Phil Peters
Adam's County Master Gardener Program
Many gardeners leave seed propagation to the greenhouses. Either they don’t have the time, or they lack the confidence to set out on their own; some have had bad luck in the past and are frustrated. Seeds that don’t germinate,
or germinate, then die; certainly do nothing for the ego. Yet starting seeds is rewarding and can be lots of fun.
There are probably as many ways to start seeds indoors as there are gardeners who do it. It can be as simple as planting the seed in a cut off milk carton set on a sunny window sill, or it can be as elaborate and scientific as you wish to make it. Here are some suggestions that will bring sure-fire
results without being hard on your wallet.
There are only four requirements for successful seed starting: 1) fresh seed, 2) sterile growing medium, 3) proper lighting, 4) proper moisture level.
Fresh seed is critical. When purchasing seed, be sure the package clearly states that it is seed "packaged for 2010." If it is not labeled for 2010, don’t purchase the seed. Out of date seed does not have the same germination rate as fresh seed and will only lead to frustration. Purchase seed from a
seed company or garden center that has a reputation for quality.
A sterile growing medium (soil) is essential. Using soil from the back yard is a recipe for disaster since it brings in too many potential problems that can keep the seed from germinating or killing it shortly after does. Damping off is the most obvious fungus that enters in this way. The seed
sprouts, the plant grows and inch or so, then mysteriously, one morning it is lying on the ground; the bottom of the stem died and could no longer support the plant. I use an inexpensive oscillating fan to keep the air moving and prevent this problem
Purchase sterile seed starting medium from the garden supply store. It is possible to sterilize your garden soil in the oven. This is a long, smelly operation, and you break down the soil structure in the process. A sterile starter mix has all the nutrients seeds need for proper germination and
retains moisture without introducing diseases. You can also spread the starting soil in tinfoil cooking pans (1 or 2 inches deep), or put the soil in peat pots. Punch some holes in the bottom of the pans before filling them with starter mix. Peat pots and peat discs are also a good choice.
While seeds will do very well on a sunny windowsill, they need light for a long enough time to get a good start. Rather than purchase expensive color-balanced lighting, I use fluorescent light tubes in a garage light fixture I hang over the starting trays. You will get good results if you put in one
white and one blue fluorescent bulb. Frankly, I’ve never checked which I have in them. After the growing season I put them back up in my workshop over the workbench.

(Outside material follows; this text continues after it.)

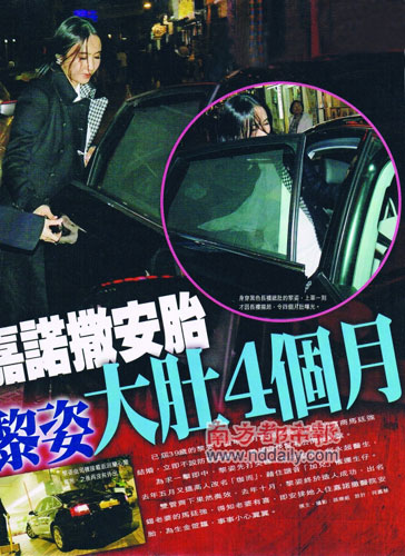 為生仔改名“黎珈而”的黎姿自成功“加兒”后,一直安心養(yǎng)胎甚少露面。昨日新上市的《壹周刊》又爆新料,雖然大部分時(shí)間都留家安胎,不過一向幫忙打理弟弟黎嬰美容診所生意的黎姿上月底也現(xiàn)身視察公司事務(wù),全程都由司機(jī)接載。一身黑色長外套裹住的黎姿,在上車一刻因外套揚(yáng)起露出白色打底衫,四個(gè)月的“大肚照”終掩不住,曝光了!而一向?qū)枳颂蹛塾屑拥鸟R廷強(qiáng),聽說自老婆懷孕后也變成緊張大師,減少出外應(yīng)酬抽更多時(shí)間陪黎姿在家安胎。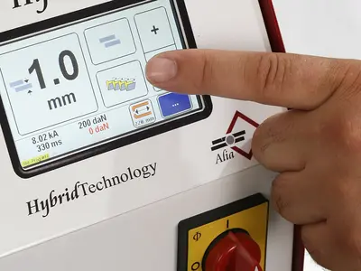 Thanks to an intelligent control system, the HySpot delivers the best spot weld quality with high process reliability. The quality of the spot welds is comparable to that of the manufacturing process. The spot welding machine is available in three different power classes with 38 kVA, 46 kVA and 47 kVA and uses the latest inverter technology with variable frequencies. Water-cooled electrodes ensure maximum service life and the machine is operated and programmed using a graphic touch display. This also ensures that the welding and job data is saved to provide proof of quality.

Keep the fixtures very close to the seedlings, since light diminishes rapidly as we move away from the source. I start my seedlings in trays on plywood set up on sawhorses in the basement. I rig the fluorescent fixtures up to the rafters in the ceiling, suspending them on chains from cup hooks
screwed into the ceiling. The lights are on inexpensive timers plugged into the wall. Using the chains I can adjust the height of the lights as the seedlings grow. Try to keep the light 2"
above the seedlings. If you are lucky
enough to have a sunny window, you don't have to worry about this. Nature will do the adjusting automatically. However, the starts will benefit from longer exposure to light than the spring day provides. I leave the lights on for about fourteen hours per day.
Most importantly, don’t overwater your seedlings. This is the single most common cause of failure. I use commercially made sponge plugs set into Styrofoam blocks for my seed starts. Several popular seed catalog companies supply these starting trays. They are a miniature greenhouse, in effect, coming
with a tray, Styrofoam insert with holes for the plugs, and a clear plastic cover with adjustable vents. It is impossible to overwater with these plugs.
You can be quite successful if you use peat pots filled with sterile starting soil, or the peat discs that you soak before placing the seed in them. However, with these you must be very attentive and not allow them to remain soaking wet. If the peat dries out completely, it can suck the moisture out
of your plants. Don’t let the medium dry out completely. It should be damp but not wet. If you use the tinfoil pans, punch holes in the bottom before you start. Why? So you can water your seedlings from the bottom up.
If you use aluminum trays, punch holes in the bottom so you can set them in a pan of water. Let the water percolate up through the potting mixture. Then remove the tray and let it drain. This prevents damaging the emerging seedlings. It also prevents water from accumulating on the leaves and
attracting disease.
So get out your gardening gloves and let the summer fun begin!